__Required action__: Restate word for word the entries below, starting with the line with "Il Pistoccu con patate è" and continuing through the line with "1、在登录页,点击手机图标,切换到账号密码登录模式。". Include both of those lines and no others.

(Records from a data source)
|---|

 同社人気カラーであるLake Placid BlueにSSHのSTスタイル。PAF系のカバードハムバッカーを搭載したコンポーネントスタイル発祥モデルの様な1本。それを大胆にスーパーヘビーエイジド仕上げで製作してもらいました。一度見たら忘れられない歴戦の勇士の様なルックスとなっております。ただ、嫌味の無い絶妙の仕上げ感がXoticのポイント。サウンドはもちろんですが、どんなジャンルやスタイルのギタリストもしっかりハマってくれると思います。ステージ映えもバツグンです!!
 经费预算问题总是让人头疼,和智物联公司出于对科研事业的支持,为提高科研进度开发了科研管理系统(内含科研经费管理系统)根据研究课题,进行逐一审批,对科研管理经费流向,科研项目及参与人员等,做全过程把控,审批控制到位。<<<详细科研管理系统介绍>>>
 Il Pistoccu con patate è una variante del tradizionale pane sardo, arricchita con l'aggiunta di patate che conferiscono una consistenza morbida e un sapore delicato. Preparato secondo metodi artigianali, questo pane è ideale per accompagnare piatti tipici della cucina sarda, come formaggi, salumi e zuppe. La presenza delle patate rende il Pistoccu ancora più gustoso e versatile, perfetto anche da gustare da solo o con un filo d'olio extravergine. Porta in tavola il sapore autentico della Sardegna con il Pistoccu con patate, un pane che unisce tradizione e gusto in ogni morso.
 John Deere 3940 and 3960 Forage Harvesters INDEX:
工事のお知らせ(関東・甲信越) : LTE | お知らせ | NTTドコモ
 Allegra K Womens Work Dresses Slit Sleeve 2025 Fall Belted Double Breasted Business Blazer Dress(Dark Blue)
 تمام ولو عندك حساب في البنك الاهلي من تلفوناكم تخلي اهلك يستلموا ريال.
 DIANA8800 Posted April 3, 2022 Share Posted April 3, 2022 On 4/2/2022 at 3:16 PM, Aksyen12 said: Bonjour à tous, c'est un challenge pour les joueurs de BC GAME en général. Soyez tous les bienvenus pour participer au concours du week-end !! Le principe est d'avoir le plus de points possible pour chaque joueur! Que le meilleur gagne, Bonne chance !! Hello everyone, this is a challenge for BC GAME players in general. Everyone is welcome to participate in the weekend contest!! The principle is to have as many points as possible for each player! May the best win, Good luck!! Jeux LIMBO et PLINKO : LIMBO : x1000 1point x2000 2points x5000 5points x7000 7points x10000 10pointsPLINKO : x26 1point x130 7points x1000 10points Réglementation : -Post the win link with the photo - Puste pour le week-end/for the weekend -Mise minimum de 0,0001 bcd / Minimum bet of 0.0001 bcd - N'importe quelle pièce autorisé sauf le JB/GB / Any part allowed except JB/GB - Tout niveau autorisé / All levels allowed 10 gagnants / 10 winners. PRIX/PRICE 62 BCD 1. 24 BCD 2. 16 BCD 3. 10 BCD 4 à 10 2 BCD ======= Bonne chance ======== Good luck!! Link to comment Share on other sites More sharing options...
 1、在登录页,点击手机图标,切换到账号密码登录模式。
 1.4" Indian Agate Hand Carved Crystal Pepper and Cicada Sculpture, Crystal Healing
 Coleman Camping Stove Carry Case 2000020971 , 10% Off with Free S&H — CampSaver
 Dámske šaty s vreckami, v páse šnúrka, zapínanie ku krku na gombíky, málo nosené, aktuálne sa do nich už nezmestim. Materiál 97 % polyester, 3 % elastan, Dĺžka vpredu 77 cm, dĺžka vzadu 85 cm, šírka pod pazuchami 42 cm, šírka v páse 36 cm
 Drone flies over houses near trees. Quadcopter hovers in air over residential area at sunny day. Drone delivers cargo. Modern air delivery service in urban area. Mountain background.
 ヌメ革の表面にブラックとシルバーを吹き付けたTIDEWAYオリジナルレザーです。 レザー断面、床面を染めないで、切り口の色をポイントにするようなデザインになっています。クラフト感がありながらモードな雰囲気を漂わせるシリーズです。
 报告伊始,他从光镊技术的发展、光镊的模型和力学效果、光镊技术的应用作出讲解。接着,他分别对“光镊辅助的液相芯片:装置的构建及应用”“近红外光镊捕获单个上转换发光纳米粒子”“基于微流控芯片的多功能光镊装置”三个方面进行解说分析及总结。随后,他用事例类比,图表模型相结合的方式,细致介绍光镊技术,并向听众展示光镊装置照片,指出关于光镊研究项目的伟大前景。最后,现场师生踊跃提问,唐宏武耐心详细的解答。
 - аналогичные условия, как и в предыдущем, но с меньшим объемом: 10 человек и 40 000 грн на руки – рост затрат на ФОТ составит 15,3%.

|---|

__Response to the exercise__:
 Il Pistoccu con patate è una variante del tradizionale pane sardo, arricchita con l'aggiunta di patate che conferiscono una consistenza morbida e un sapore delicato. Preparato secondo metodi artigianali, questo pane è ideale per accompagnare piatti tipici della cucina sarda, come formaggi, salumi e zuppe. La presenza delle patate rende il Pistoccu ancora più gustoso e versatile, perfetto anche da gustare da solo o con un filo d'olio extravergine. Porta in tavola il sapore autentico della Sardegna con il Pistoccu con patate, un pane che unisce tradizione e gusto in ogni morso.
 John Deere 3940 and 3960 Forage Harvesters INDEX:
工事のお知らせ(関東・甲信越) : LTE | お知らせ | NTTドコモ
 Allegra K Womens Work Dresses Slit Sleeve 2025 Fall Belted Double Breasted Business Blazer Dress(Dark Blue)
 تمام ولو عندك حساب في البنك الاهلي من تلفوناكم تخلي اهلك يستلموا ريال.
 DIANA8800 Posted April 3, 2022 Share Posted April 3, 2022 On 4/2/2022 at 3:16 PM, Aksyen12 said: Bonjour à tous, c'est un challenge pour les joueurs de BC GAME en général. Soyez tous les bienvenus pour participer au concours du week-end !! Le principe est d'avoir le plus de points possible pour chaque joueur! Que le meilleur gagne, Bonne chance !! Hello everyone, this is a challenge for BC GAME players in general. Everyone is welcome to participate in the weekend contest!! The principle is to have as many points as possible for each player! May the best win, Good luck!! Jeux LIMBO et PLINKO : LIMBO : x1000 1point x2000 2points x5000 5points x7000 7points x10000 10pointsPLINKO : x26 1point x130 7points x1000 10points Réglementation : -Post the win link with the photo - Puste pour le week-end/for the weekend -Mise minimum de 0,0001 bcd / Minimum bet of 0.0001 bcd - N'importe quelle pièce autorisé sauf le JB/GB / Any part allowed except JB/GB - Tout niveau autorisé / All levels allowed 10 gagnants / 10 winners. PRIX/PRICE 62 BCD 1. 24 BCD 2. 16 BCD 3. 10 BCD 4 à 10 2 BCD ======= Bonne chance ======== Good luck!! Link to comment Share on other sites More sharing options...
 1、在登录页,点击手机图标,切换到账号密码登录模式。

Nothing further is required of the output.